Ok here's the question:
Fisherman Dan is out fishing by a stream. On average, 3 fishes per hour swim by but Fisherman Dan catches the fish with probability 1/2. It rains in average once per day. The fish and the rain arrive according to independent Poisson processes.
Given that fisherman Dan caught exactly 2 fishes between 8 and 12 o'clock, what is the probability that he caught zero fish during the first hour of fishing?

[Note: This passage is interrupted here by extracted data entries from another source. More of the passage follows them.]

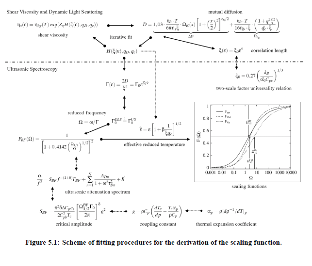 The formalism for the verification of the critical parameters and the scaling function calls for a specific treatment of experimental data within the framework of crossover formalisms as well as the Bhattacharjee-Ferrell theory of critical sound attenuation, Fig.(5.1). In principle, the scaling function can be derived directly from the ultrasonic measurements, by taking into account the Bhattacharjee-Ferrell theory. However, due to effects of critical slowing near T_c as well as the enormously increasing attenuation coefficient toward low frequencies, only the high frequency part of the critical contribution to the ultrasonic spectra is obtainable from attenuation coefficient measurements.Therefore Γ_US is only inaccurately known from acoustical spectrometry. For this reason and in order to reduce the number of unknown parameters in ultrasonic spectroscopy, the relaxation rate of order-parameter fluctuations has been additionally determined by shear viscosity and mutual diffusion coefficient measurements. Consequently, no distinction between the relaxation rate of critical fluctuations from ultrasonic measurements, Γ_US, and that from dynamic light scattering,Γ_DLS , will be made in the following:
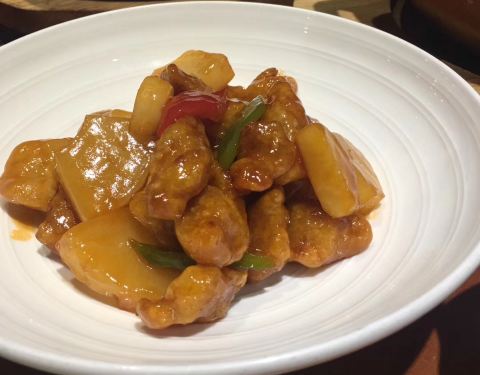 菠萝咕咾肉可谓是很看得出功夫的一道菜了,每颗肉肉都是晶莹剔透,咬上一口能感觉到凤梨香气,酸酸甜甜还挺开胃的~
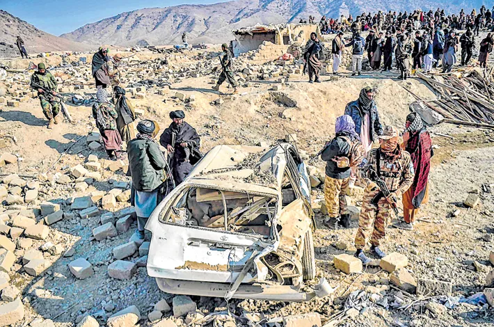 Taliban security personnel inspect a damaged car two days after air strikes by Pakistan in the Barmal district of eastern Paktika province —AFP
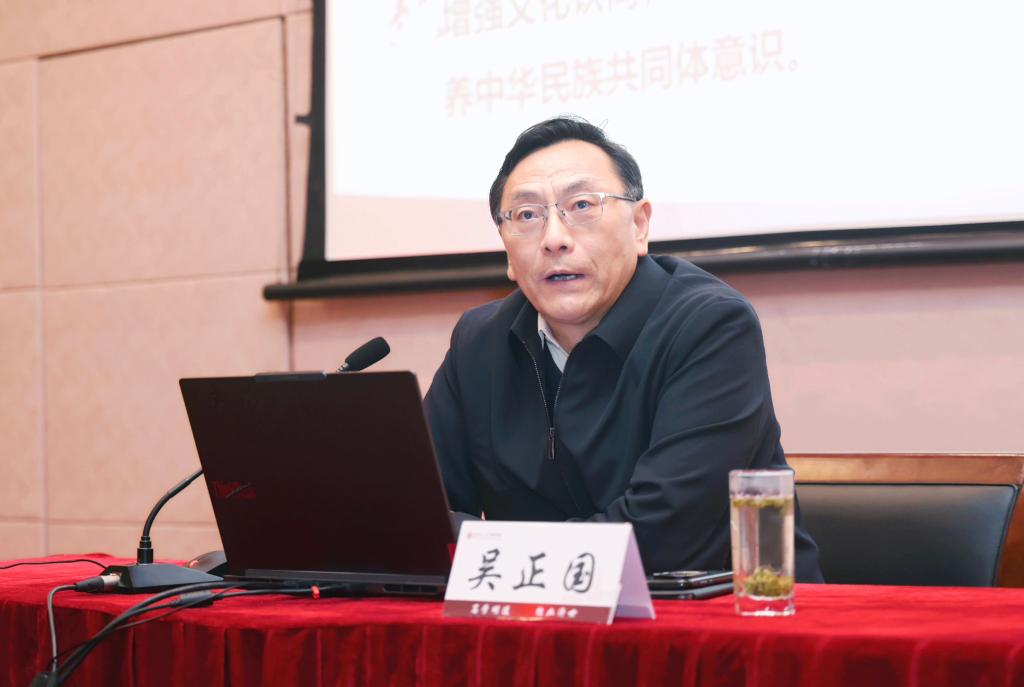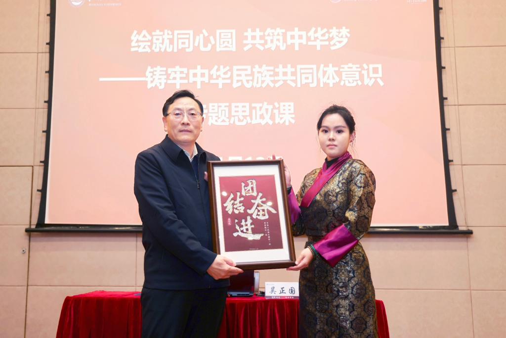 吴正国从理论、历史、实践三个维度切入,深刻阐释了铸牢中华民族共同体意识的理论逻辑、历史经纬与实践路径,并结合亲身援藏经历,以鲜活案例解读新时代党的边疆整体治理之路。同时他介绍了学校开展民族工作的生动实践,强调要坚持将民族团结进步与国家战略重点相结合,实现民族地区支援帮扶有力度;坚持将民族文化交流与民族共生共融重点相结合,实现民族文化平台建设有显度;坚持将民族学生培育与立德树人重点相结合,实现民族学生人才培养有效度。他勉励青年学生要与祖国共命运、与民族同呼吸、与人民心连心,像石榴籽一样紧紧抱在一起,共同为强国建设、民族复兴贡献青春力量。

This was my initial solution:
\begin{align*} & Pr(\text{2 fish caught during 8-12 o'clock | no fish caught during 8-9 o'clock}) = \\ = &Pr(N(12)\; - \;N(8)\; = 2\;|\; N(9)\;-\;N(8) = 0 \;) =\\ = &Pr(N(4)\; = 2\;|\; N(1) = 0 \;) = \\ = & Pr(N(4)\; = 2\;)\cdot Pr(\; N(1) = 0 \;) = \\ = & e^{-6}\dfrac{6^2}{2!} \cdot e^{-3/2} = \\ = &0.00995 \end{align*}
But in the answer sheet they've reasoned in this way instead (translated so keep that in mind):
If the only thing we know is the number of events under a certain time intervall and these events stem from a Poisson process, then we also know that these events are independent and identically distributed over the time intervall. Given two events occurred during 4 hours we obtain:
Pr(no event during the first hour) = Pr(both events during the last three hours) = $(\dfrac{3}{4-0})^2 = \dfrac{9}{16} = 0.5625$
why doesn't my method work though? I understand their solution, but mine should work, right?
You computed P(2 fish 8-12 | 0 fish 8-9) and you needed P(0 fish 8-9 | 2 fish 8-12)